Страница 4 из 21
— Я имею в виду, откуда происходим мы с тобой и экипаж?
— Нас вывели в инкубаторе. Зачем спрашивать? И так знаешь.
— Да, верно, — согласилась она, нахмурившись. — Но я хотела узнать: мы произошли не оттуда же, откуда сенекси? Нас ведь вывели не таким способом, каким их?
— Нет, конечно. Что за глупая мысль?
Пруфракс и сама понимала, что это глупость. Сенекси отличались от них буквально во всем. Так чего же она пытается от него добиться?
— А мифы у них такие же?
— Мифы? История — не миф. По крайней мере значительная ее часть. Мифы не имеют отношения к реальной жизни. История — это супермиф.

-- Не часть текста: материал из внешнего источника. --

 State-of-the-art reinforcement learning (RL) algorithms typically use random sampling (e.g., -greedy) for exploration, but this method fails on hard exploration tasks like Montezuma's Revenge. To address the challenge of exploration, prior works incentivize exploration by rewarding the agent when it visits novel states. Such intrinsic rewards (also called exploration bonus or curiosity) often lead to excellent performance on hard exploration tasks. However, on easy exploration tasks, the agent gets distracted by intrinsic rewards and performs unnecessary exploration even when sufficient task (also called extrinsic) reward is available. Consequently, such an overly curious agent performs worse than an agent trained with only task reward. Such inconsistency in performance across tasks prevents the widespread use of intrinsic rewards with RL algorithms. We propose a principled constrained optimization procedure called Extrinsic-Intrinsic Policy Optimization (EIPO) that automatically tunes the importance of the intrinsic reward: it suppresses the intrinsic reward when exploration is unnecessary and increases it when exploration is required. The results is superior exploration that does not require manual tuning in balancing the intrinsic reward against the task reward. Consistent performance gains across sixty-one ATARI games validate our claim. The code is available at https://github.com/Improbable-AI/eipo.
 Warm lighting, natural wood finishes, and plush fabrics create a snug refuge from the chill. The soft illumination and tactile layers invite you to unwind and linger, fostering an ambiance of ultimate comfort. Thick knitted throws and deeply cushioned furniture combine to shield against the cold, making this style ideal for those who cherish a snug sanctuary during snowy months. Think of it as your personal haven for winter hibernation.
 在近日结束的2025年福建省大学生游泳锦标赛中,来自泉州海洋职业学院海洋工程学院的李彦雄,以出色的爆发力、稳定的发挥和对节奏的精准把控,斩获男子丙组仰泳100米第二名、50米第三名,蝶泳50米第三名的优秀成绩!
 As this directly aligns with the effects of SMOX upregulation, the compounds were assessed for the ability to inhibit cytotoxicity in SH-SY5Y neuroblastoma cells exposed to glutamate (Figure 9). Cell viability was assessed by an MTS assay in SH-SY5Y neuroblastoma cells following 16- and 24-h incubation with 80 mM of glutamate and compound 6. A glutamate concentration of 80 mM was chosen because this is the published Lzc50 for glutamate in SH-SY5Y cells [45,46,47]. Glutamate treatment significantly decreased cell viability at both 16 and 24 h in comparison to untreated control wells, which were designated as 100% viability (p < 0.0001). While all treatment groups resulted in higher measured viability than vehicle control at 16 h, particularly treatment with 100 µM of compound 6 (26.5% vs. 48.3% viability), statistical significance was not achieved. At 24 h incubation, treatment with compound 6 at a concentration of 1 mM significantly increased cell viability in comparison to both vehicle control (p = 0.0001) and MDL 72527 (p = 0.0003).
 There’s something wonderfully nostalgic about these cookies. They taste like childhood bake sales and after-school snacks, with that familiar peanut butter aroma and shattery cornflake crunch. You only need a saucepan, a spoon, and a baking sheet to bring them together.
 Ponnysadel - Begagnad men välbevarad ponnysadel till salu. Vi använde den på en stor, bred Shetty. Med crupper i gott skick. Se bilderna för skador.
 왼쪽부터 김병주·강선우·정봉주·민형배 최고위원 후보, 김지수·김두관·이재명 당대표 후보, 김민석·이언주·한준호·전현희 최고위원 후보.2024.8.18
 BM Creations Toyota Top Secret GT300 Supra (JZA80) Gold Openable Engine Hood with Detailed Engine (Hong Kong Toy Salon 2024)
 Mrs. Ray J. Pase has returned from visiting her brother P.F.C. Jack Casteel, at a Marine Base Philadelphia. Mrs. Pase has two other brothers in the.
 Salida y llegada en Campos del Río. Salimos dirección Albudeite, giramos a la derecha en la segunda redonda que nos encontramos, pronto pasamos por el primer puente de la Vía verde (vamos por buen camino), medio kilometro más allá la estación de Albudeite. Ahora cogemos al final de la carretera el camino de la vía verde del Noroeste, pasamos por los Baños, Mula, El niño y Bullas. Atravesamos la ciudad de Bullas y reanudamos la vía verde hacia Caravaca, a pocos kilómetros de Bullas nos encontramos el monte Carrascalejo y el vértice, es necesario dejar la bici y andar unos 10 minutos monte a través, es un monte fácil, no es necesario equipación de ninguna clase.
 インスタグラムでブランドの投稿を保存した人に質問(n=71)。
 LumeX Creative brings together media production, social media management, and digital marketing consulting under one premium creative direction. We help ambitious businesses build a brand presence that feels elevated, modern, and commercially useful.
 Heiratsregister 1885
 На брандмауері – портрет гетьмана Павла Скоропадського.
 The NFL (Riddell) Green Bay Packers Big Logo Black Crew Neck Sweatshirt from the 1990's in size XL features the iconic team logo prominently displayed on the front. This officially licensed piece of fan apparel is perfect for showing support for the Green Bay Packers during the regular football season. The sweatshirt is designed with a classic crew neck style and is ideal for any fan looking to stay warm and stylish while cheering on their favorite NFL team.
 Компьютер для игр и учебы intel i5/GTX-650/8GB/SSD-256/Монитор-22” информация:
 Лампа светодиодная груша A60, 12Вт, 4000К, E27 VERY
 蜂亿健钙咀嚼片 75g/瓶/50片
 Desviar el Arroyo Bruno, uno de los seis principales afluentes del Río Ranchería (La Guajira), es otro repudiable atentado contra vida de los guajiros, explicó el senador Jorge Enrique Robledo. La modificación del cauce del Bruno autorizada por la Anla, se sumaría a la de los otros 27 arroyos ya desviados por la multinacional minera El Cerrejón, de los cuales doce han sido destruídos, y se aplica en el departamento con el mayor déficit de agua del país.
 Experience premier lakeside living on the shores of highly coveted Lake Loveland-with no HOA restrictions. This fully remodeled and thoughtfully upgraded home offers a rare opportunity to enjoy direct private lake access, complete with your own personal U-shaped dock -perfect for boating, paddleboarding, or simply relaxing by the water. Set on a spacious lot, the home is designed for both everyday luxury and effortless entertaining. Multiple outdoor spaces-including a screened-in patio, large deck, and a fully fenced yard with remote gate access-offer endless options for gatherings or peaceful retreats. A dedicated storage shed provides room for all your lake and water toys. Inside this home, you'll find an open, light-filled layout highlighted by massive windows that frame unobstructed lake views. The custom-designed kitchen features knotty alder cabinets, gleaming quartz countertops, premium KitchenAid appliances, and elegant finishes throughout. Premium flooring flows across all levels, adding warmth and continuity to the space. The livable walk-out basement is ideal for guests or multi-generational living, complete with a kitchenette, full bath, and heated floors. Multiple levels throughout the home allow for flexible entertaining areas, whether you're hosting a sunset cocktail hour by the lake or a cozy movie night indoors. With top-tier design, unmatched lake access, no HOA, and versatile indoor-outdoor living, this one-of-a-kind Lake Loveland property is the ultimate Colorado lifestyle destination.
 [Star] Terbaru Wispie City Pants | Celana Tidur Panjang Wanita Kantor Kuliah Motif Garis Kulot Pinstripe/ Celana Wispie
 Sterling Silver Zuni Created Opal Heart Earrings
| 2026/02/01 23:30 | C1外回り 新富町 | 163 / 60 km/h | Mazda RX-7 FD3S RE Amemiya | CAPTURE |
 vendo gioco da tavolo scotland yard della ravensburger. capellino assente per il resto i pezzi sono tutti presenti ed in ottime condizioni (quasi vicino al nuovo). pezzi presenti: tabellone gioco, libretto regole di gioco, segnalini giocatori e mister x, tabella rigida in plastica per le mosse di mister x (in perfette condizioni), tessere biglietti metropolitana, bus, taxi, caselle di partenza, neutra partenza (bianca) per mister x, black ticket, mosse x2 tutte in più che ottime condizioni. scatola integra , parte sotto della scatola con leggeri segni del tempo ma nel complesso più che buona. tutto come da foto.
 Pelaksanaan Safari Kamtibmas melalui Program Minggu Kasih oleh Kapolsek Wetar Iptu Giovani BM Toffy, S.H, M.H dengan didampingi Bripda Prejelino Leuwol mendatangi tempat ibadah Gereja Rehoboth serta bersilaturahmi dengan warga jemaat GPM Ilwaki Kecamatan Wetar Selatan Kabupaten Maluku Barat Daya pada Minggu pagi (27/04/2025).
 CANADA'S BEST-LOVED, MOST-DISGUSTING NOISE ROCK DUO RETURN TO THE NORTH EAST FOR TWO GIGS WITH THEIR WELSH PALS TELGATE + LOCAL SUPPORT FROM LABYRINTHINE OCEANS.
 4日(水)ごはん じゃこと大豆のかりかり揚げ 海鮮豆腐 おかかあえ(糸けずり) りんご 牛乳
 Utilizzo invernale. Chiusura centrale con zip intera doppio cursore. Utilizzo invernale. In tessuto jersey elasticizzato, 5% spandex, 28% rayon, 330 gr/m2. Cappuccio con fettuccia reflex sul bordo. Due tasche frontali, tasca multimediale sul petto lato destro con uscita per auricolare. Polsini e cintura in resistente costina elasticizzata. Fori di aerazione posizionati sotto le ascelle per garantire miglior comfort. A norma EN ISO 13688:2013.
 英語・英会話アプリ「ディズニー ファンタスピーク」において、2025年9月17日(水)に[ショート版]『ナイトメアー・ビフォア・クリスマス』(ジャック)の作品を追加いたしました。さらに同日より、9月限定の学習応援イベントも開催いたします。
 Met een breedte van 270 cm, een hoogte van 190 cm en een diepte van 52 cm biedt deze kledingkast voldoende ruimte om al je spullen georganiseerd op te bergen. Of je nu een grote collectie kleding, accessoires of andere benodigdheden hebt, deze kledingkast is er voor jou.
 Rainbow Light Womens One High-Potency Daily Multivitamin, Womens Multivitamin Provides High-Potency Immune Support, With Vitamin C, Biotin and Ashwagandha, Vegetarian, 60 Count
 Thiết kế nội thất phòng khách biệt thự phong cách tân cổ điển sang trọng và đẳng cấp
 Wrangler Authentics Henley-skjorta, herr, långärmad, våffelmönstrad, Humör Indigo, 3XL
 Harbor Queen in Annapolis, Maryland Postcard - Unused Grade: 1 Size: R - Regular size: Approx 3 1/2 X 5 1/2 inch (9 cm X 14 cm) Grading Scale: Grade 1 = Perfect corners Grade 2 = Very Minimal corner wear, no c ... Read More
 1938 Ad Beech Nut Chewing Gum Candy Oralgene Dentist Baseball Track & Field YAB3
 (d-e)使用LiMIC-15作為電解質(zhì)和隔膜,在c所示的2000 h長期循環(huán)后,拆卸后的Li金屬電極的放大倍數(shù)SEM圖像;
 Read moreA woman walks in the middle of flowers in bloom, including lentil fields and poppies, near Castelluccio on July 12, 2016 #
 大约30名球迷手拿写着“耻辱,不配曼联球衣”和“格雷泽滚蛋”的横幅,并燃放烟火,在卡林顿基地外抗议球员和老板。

Она и раньше смутно догадывалась, что мифы мало связаны с реальностью. Но не хотела будоражить свое сознание.
— Мифы — отличная вещь, — сказала она. — Они учат Удару.
— Возможно, — сказал Клево неуверенно. — Поскольку я не боец, то не смотрю мифов об Ударе.
Мифы, в которых не рассказывалось об Ударе, были для нее чем-то невообразимым.
— Какая скука… — сказала она.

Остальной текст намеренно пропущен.